Epistemically akratic agents believe both p and that believing p is irrational for them. Some of the costs of thinking that epistemic akrasia can be rational are clear. It is hypocritical, and outright weird, to have beliefs that we consider irrational, let alone to reason with or act on those beliefs. However, as Maria Lasonen-Aarnio (2018) and Brian Weatherson (2019) have argued, the weirdness of akrasia does not obviously tell against its rationality. Here I argue that views permitting epistemic akrasia fare worse than previously thought. These views imply that we should sometimes have beliefs that we know for certain are either irrational or false. And while having a belief that we know to be irrational is straightforwardly irrational, the additional possibility that the belief may be false cannot make having it any more rational.
April 23, 2021
Professor Dreier is the Judy C. Lewent and Mark L. Shapiro Professor of Philosophy at Brown University. His research lies in the areas of metaethics, moral theories, and decision theory. Some of his recent graduate seminars have been about moral realism, expressivism, and measuring value. He will be speaking on:
Do de re necessities express semantic rules?

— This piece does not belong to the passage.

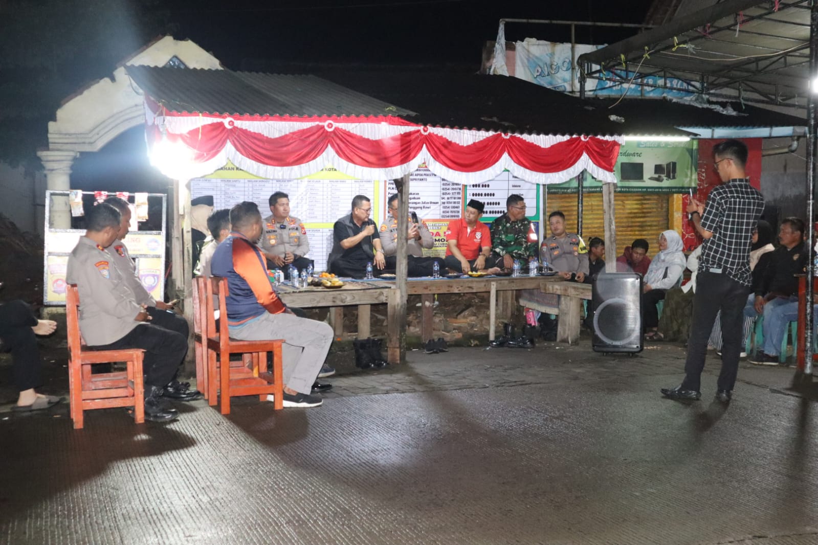 Kegiatan yang berlangsung sekitar pukul 22.16 WIB tersebut dihadiri langsung Kapolres Cilegon bersama jajaran pejabat utama Polres Cilegon, di antaranya Kabag Ops AKP Choirul Anam, S.H., M.H., M.Si., Kasat Binmas IPTU Muhyiddin, S.H., Kasie Propam AKP Herry Susanto, S.H., M.M., serta Kasat Lantas AKP Ridwan, S.T.K., S.I.K., M.H. Turut mendampingi Kapolsek Cibeber AKP Atep Mulyana, S.H., M.Si. bersama jajaran fungsi pembinaan dan Bhabinkamtibmas.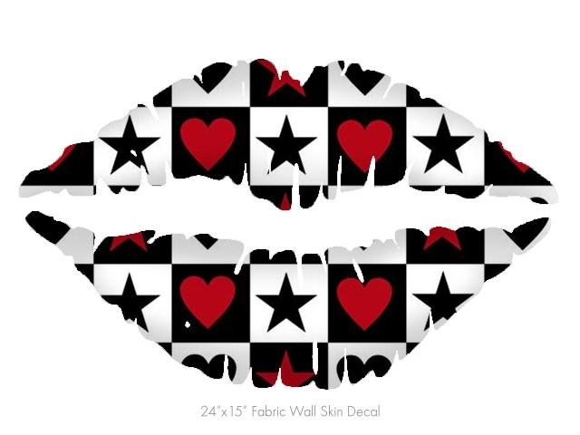 Hearts and Stars Red - Kissing Lips Fabric Wall Skin Decal measures 24x15 inches

Amie Thomasson’s Modal Normativism offers a broadly expressivist, pragmatist account of the meaning of metaphysical modality claims in terms of semantic norms that we express when we make these claims. Thomasson addresses the problem of accounting for claims of de re necessity, famously leveled against mid-twentieth century conventionalist theories of modal talk, by restoring conceptual content to names and natural kind terms, and introducing conditional norms into their semantics. I argue that the plan fails, and investigate the prospects of fixing it.